Directions for this task: Please copy all of the data that follows exactly, leaving any pictures out.

Information shown:
....
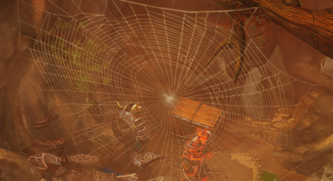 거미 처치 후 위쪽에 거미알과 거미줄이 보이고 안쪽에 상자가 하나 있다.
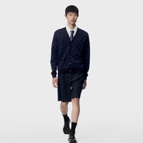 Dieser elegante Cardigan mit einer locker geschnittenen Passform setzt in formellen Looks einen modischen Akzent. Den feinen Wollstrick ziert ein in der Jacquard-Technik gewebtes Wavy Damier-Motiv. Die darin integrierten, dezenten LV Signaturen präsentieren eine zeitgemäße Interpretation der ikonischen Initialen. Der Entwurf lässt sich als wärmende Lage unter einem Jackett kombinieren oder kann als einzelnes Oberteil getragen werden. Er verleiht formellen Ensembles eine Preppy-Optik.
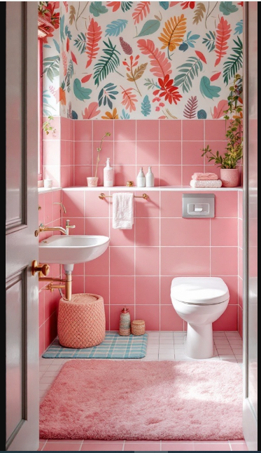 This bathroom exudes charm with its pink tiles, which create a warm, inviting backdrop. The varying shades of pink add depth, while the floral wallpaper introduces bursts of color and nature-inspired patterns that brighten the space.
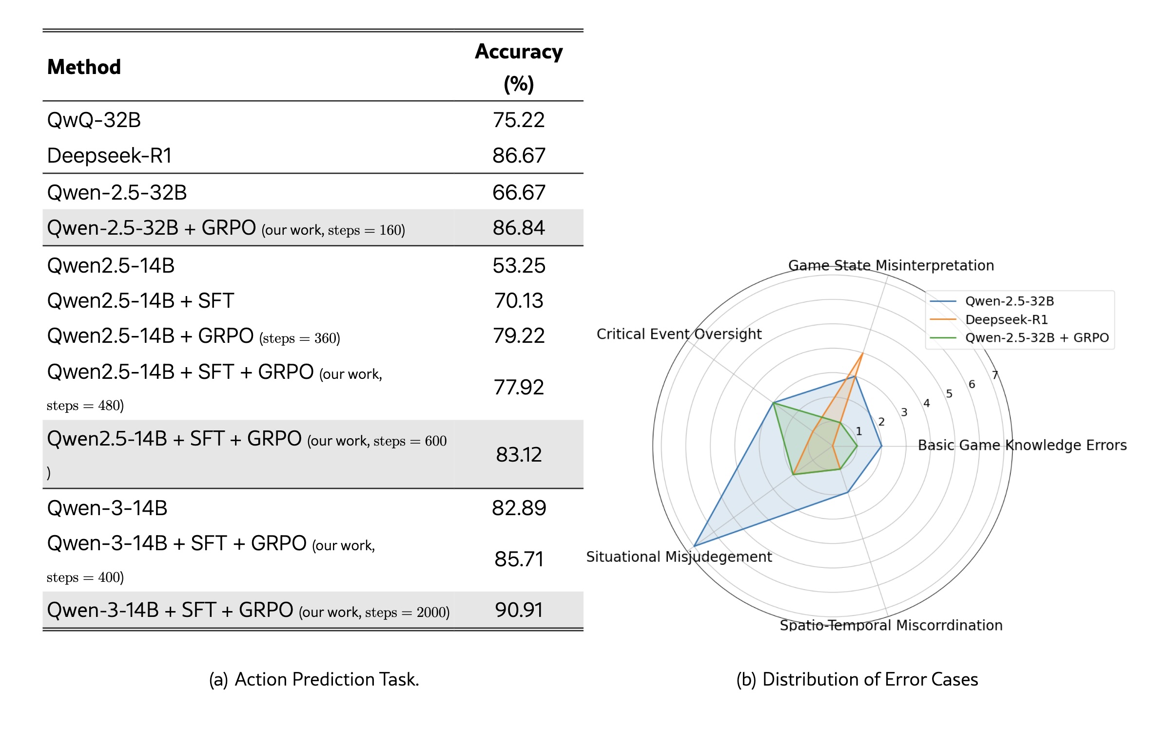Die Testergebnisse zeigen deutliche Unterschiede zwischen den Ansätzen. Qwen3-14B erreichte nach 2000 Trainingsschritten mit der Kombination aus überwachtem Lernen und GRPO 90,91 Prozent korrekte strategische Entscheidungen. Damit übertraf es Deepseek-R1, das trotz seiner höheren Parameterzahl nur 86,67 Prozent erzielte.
....
Reply:
 거미 처치 후 위쪽에 거미알과 거미줄이 보이고 안쪽에 상자가 하나 있다.
 Dieser elegante Cardigan mit einer locker geschnittenen Passform setzt in formellen Looks einen modischen Akzent. Den feinen Wollstrick ziert ein in der Jacquard-Technik gewebtes Wavy Damier-Motiv. Die darin integrierten, dezenten LV Signaturen präsentieren eine zeitgemäße Interpretation der ikonischen Initialen. Der Entwurf lässt sich als wärmende Lage unter einem Jackett kombinieren oder kann als einzelnes Oberteil getragen werden. Er verleiht formellen Ensembles eine Preppy-Optik.
 This bathroom exudes charm with its pink tiles, which create a warm, inviting backdrop. The varying shades of pink add depth, while the floral wallpaper introduces bursts of color and nature-inspired patterns that brighten the space.
Die Testergebnisse zeigen deutliche Unterschiede zwischen den Ansätzen. Qwen3-14B erreichte nach 2000 Trainingsschritten mit der Kombination aus überwachtem Lernen und GRPO 90,91 Prozent korrekte strategische Entscheidungen. Damit übertraf es Deepseek-R1, das trotz seiner höheren Parameterzahl nur 86,67 Prozent erzielte.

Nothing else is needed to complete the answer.